*** Study material ***
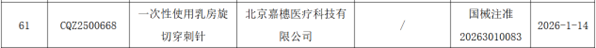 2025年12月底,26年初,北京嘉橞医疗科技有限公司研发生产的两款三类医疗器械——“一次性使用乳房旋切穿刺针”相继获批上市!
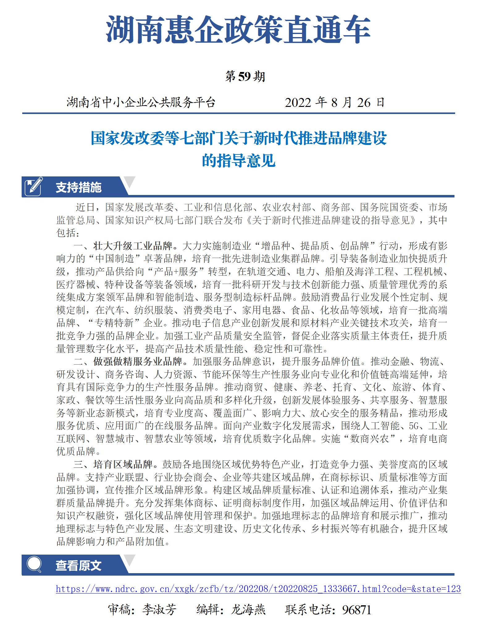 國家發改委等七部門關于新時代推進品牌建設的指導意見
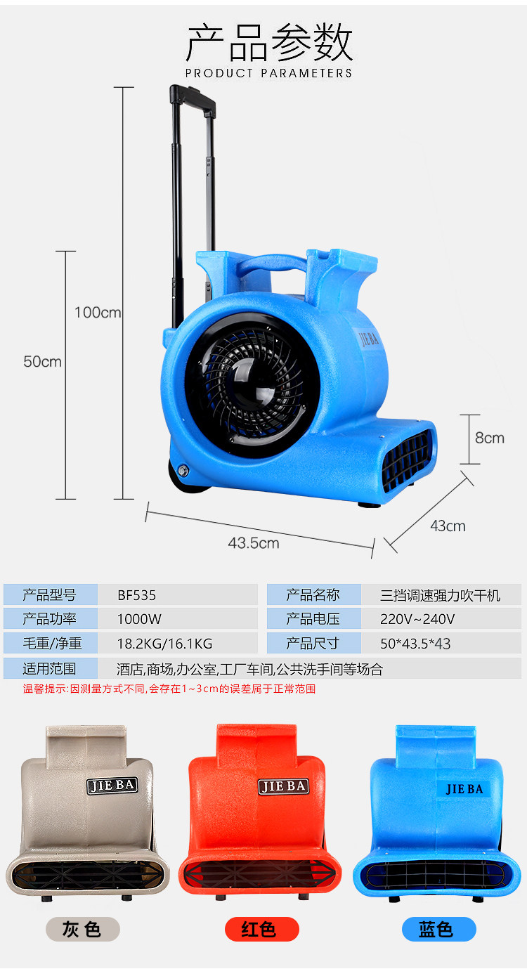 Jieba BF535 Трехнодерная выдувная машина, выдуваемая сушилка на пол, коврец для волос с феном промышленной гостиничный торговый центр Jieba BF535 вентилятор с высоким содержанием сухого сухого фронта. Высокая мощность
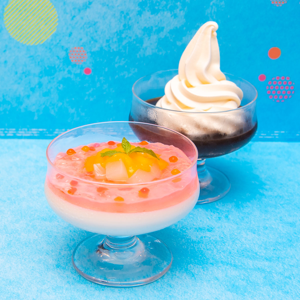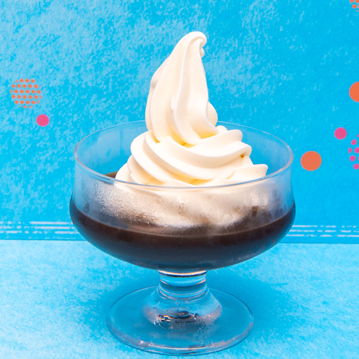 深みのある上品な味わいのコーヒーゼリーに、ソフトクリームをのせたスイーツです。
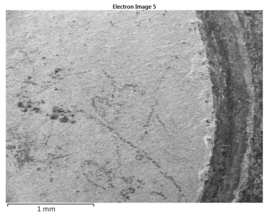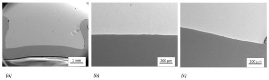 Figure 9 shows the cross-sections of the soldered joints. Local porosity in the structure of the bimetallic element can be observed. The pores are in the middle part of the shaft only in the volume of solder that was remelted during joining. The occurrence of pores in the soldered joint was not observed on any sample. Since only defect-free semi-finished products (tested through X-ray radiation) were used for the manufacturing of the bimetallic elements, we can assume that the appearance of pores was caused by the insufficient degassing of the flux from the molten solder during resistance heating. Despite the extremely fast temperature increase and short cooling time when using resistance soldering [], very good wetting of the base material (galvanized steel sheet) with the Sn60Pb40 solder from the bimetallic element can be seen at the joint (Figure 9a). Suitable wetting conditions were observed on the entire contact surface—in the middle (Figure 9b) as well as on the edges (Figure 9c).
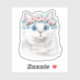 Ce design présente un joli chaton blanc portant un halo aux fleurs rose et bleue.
***
*** Study material ***
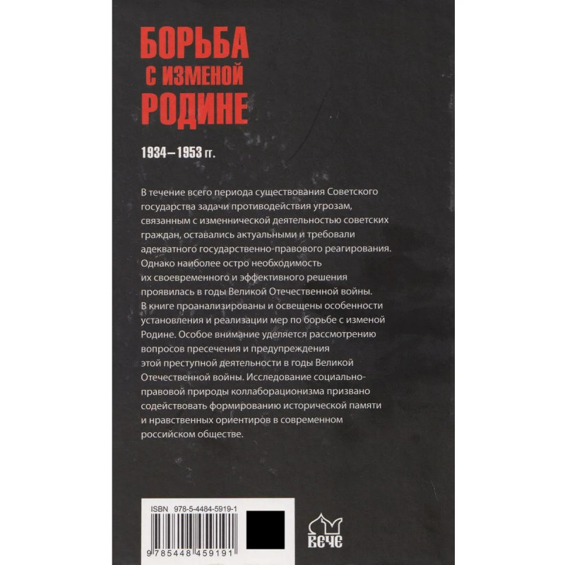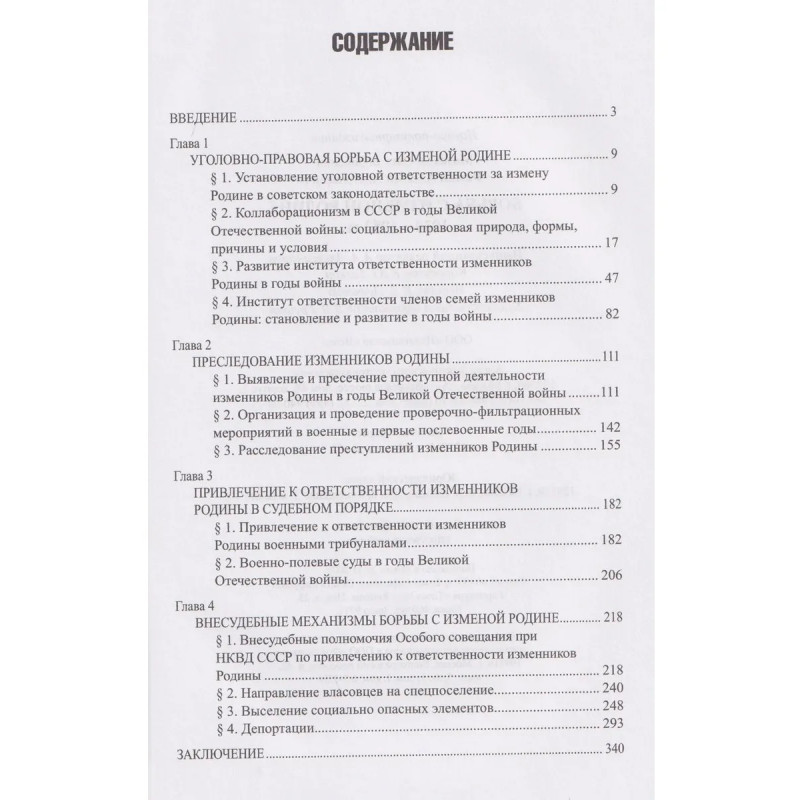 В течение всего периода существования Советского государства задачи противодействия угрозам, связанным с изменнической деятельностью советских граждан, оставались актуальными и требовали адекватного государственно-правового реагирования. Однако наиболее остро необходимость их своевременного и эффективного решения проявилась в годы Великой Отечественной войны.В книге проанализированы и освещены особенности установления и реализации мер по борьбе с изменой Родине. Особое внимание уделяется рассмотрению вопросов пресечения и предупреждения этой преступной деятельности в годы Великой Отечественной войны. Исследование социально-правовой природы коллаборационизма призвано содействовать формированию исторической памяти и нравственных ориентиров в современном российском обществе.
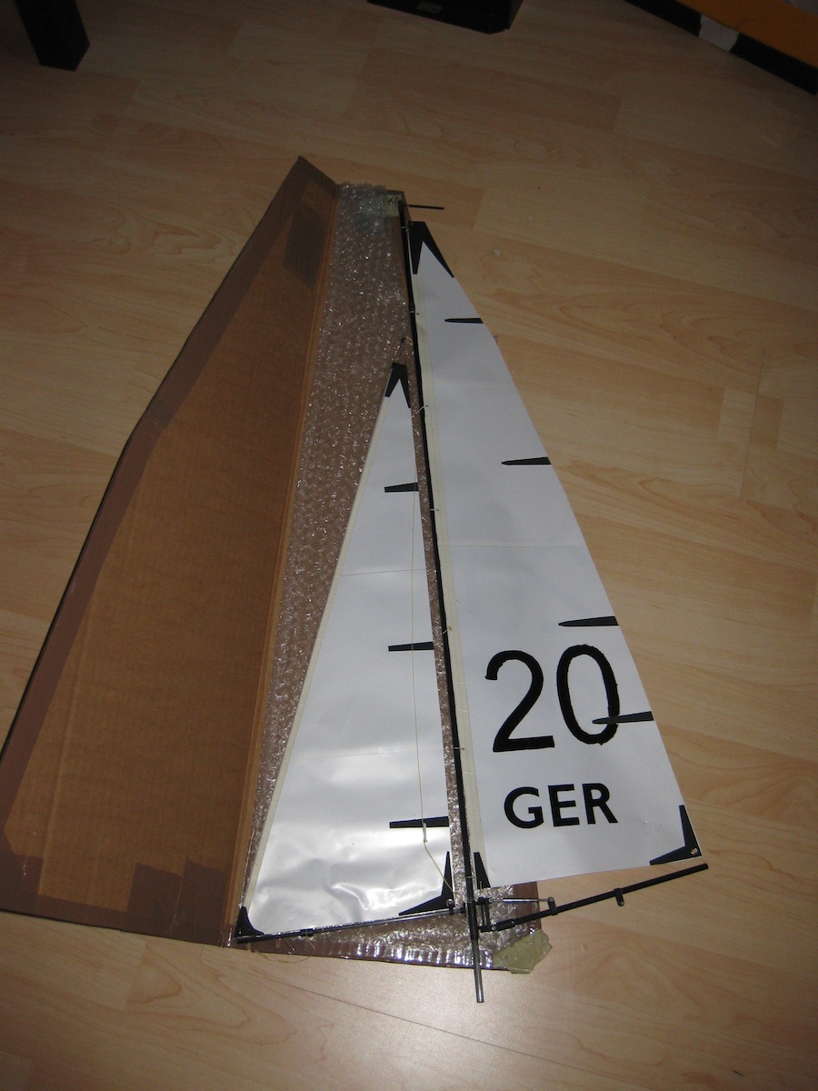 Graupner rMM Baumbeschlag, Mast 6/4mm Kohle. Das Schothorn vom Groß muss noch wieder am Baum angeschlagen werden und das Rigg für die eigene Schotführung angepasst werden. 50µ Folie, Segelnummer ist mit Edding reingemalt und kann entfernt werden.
***
_What is needed_: Keep to the stretch from the line containing "深みのある上品な味わいのコーヒーゼリーに、ソフトクリームをのせたスイーツです。" through the line containing "Ce design présente", both ends included, and copy it exactly from the listing above, minus the pictures.

_Response_:
 深みのある上品な味わいのコーヒーゼリーに、ソフトクリームをのせたスイーツです。
 Figure 9 shows the cross-sections of the soldered joints. Local porosity in the structure of the bimetallic element can be observed. The pores are in the middle part of the shaft only in the volume of solder that was remelted during joining. The occurrence of pores in the soldered joint was not observed on any sample. Since only defect-free semi-finished products (tested through X-ray radiation) were used for the manufacturing of the bimetallic elements, we can assume that the appearance of pores was caused by the insufficient degassing of the flux from the molten solder during resistance heating. Despite the extremely fast temperature increase and short cooling time when using resistance soldering [], very good wetting of the base material (galvanized steel sheet) with the Sn60Pb40 solder from the bimetallic element can be seen at the joint (Figure 9a). Suitable wetting conditions were observed on the entire contact surface—in the middle (Figure 9b) as well as on the edges (Figure 9c).
 Ce design présente un joli chaton blanc portant un halo aux fleurs rose et bleue.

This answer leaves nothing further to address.